> WORK ORDER:
Write out the entries again. Match each one exactly.

> ENTRIES SHOWN:
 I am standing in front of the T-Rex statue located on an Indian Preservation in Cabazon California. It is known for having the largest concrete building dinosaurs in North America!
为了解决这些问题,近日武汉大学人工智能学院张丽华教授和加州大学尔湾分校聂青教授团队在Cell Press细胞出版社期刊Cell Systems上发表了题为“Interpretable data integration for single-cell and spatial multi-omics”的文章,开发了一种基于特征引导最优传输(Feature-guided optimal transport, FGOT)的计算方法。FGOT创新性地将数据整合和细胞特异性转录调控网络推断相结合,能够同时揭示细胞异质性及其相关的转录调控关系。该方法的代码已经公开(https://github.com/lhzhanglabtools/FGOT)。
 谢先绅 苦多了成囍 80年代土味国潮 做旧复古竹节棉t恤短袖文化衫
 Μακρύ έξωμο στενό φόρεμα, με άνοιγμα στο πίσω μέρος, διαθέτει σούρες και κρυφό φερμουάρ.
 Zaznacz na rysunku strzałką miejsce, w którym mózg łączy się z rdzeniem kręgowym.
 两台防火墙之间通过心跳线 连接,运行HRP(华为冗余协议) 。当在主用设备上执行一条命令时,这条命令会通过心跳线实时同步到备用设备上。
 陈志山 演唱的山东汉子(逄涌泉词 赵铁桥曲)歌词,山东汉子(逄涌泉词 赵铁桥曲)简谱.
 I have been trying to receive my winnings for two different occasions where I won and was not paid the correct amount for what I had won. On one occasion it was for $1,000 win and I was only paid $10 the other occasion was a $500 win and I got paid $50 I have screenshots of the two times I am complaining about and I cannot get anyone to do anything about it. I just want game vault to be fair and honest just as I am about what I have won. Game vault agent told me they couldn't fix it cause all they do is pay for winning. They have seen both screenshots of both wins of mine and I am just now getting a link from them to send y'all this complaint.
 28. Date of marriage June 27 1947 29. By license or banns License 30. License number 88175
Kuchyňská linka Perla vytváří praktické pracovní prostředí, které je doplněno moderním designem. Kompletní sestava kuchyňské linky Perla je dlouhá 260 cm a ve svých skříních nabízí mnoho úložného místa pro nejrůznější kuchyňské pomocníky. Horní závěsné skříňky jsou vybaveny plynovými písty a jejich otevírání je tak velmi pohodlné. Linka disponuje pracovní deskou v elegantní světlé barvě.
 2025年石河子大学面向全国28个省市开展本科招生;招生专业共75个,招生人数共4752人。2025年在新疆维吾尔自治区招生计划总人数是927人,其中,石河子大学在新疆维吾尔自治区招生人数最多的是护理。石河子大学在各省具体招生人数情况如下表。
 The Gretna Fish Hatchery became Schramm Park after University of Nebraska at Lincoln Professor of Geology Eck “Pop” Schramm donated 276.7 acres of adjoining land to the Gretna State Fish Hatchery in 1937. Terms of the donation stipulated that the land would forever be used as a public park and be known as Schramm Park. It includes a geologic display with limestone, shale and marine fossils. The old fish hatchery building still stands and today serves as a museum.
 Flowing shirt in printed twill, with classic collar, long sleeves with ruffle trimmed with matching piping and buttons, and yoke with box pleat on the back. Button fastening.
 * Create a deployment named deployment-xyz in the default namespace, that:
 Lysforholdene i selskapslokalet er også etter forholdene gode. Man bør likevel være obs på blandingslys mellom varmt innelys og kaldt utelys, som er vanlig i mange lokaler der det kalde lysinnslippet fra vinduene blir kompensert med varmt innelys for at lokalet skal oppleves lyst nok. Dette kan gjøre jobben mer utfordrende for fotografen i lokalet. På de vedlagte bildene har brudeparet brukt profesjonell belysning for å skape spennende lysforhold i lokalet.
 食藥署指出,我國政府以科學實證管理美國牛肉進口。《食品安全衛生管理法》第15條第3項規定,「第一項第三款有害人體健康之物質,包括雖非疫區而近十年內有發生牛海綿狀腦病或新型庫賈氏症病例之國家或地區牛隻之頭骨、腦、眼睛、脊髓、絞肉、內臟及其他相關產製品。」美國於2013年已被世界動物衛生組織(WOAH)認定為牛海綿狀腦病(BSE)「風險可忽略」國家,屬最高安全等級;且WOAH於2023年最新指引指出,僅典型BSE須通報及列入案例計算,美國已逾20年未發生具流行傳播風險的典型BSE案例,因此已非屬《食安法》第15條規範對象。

> TASK RESULT:
 I am standing in front of the T-Rex statue located on an Indian Preservation in Cabazon California. It is known for having the largest concrete building dinosaurs in North America!
为了解决这些问题,近日武汉大学人工智能学院张丽华教授和加州大学尔湾分校聂青教授团队在Cell Press细胞出版社期刊Cell Systems上发表了题为“Interpretable data integration for single-cell and spatial multi-omics”的文章,开发了一种基于特征引导最优传输(Feature-guided optimal transport, FGOT)的计算方法。FGOT创新性地将数据整合和细胞特异性转录调控网络推断相结合,能够同时揭示细胞异质性及其相关的转录调控关系。该方法的代码已经公开(https://github.com/lhzhanglabtools/FGOT)。
 谢先绅 苦多了成囍 80年代土味国潮 做旧复古竹节棉t恤短袖文化衫
 Μακρύ έξωμο στενό φόρεμα, με άνοιγμα στο πίσω μέρος, διαθέτει σούρες και κρυφό φερμουάρ.
 Zaznacz na rysunku strzałką miejsce, w którym mózg łączy się z rdzeniem kręgowym.
 两台防火墙之间通过心跳线 连接,运行HRP(华为冗余协议) 。当在主用设备上执行一条命令时,这条命令会通过心跳线实时同步到备用设备上。
 陈志山 演唱的山东汉子(逄涌泉词 赵铁桥曲)歌词,山东汉子(逄涌泉词 赵铁桥曲)简谱.
 I have been trying to receive my winnings for two different occasions where I won and was not paid the correct amount for what I had won. On one occasion it was for $1,000 win and I was only paid $10 the other occasion was a $500 win and I got paid $50 I have screenshots of the two times I am complaining about and I cannot get anyone to do anything about it. I just want game vault to be fair and honest just as I am about what I have won. Game vault agent told me they couldn't fix it cause all they do is pay for winning. They have seen both screenshots of both wins of mine and I am just now getting a link from them to send y'all this complaint.
 28. Date of marriage June 27 1947 29. By license or banns License 30. License number 88175
Kuchyňská linka Perla vytváří praktické pracovní prostředí, které je doplněno moderním designem. Kompletní sestava kuchyňské linky Perla je dlouhá 260 cm a ve svých skříních nabízí mnoho úložného místa pro nejrůznější kuchyňské pomocníky. Horní závěsné skříňky jsou vybaveny plynovými písty a jejich otevírání je tak velmi pohodlné. Linka disponuje pracovní deskou v elegantní světlé barvě.
 2025年石河子大学面向全国28个省市开展本科招生;招生专业共75个,招生人数共4752人。2025年在新疆维吾尔自治区招生计划总人数是927人,其中,石河子大学在新疆维吾尔自治区招生人数最多的是护理。石河子大学在各省具体招生人数情况如下表。
 The Gretna Fish Hatchery became Schramm Park after University of Nebraska at Lincoln Professor of Geology Eck “Pop” Schramm donated 276.7 acres of adjoining land to the Gretna State Fish Hatchery in 1937. Terms of the donation stipulated that the land would forever be used as a public park and be known as Schramm Park. It includes a geologic display with limestone, shale and marine fossils. The old fish hatchery building still stands and today serves as a museum.
 Flowing shirt in printed twill, with classic collar, long sleeves with ruffle trimmed with matching piping and buttons, and yoke with box pleat on the back. Button fastening.
 * Create a deployment named deployment-xyz in the default namespace, that:
 Lysforholdene i selskapslokalet er også etter forholdene gode. Man bør likevel være obs på blandingslys mellom varmt innelys og kaldt utelys, som er vanlig i mange lokaler der det kalde lysinnslippet fra vinduene blir kompensert med varmt innelys for at lokalet skal oppleves lyst nok. Dette kan gjøre jobben mer utfordrende for fotografen i lokalet. På de vedlagte bildene har brudeparet brukt profesjonell belysning for å skape spennende lysforhold i lokalet.
 食藥署指出,我國政府以科學實證管理美國牛肉進口。《食品安全衛生管理法》第15條第3項規定,「第一項第三款有害人體健康之物質,包括雖非疫區而近十年內有發生牛海綿狀腦病或新型庫賈氏症病例之國家或地區牛隻之頭骨、腦、眼睛、脊髓、絞肉、內臟及其他相關產製品。」美國於2013年已被世界動物衛生組織(WOAH)認定為牛海綿狀腦病(BSE)「風險可忽略」國家,屬最高安全等級;且WOAH於2023年最新指引指出,僅典型BSE須通報及列入案例計算,美國已逾20年未發生具流行傳播風險的典型BSE案例,因此已非屬《食安法》第15條規範對象。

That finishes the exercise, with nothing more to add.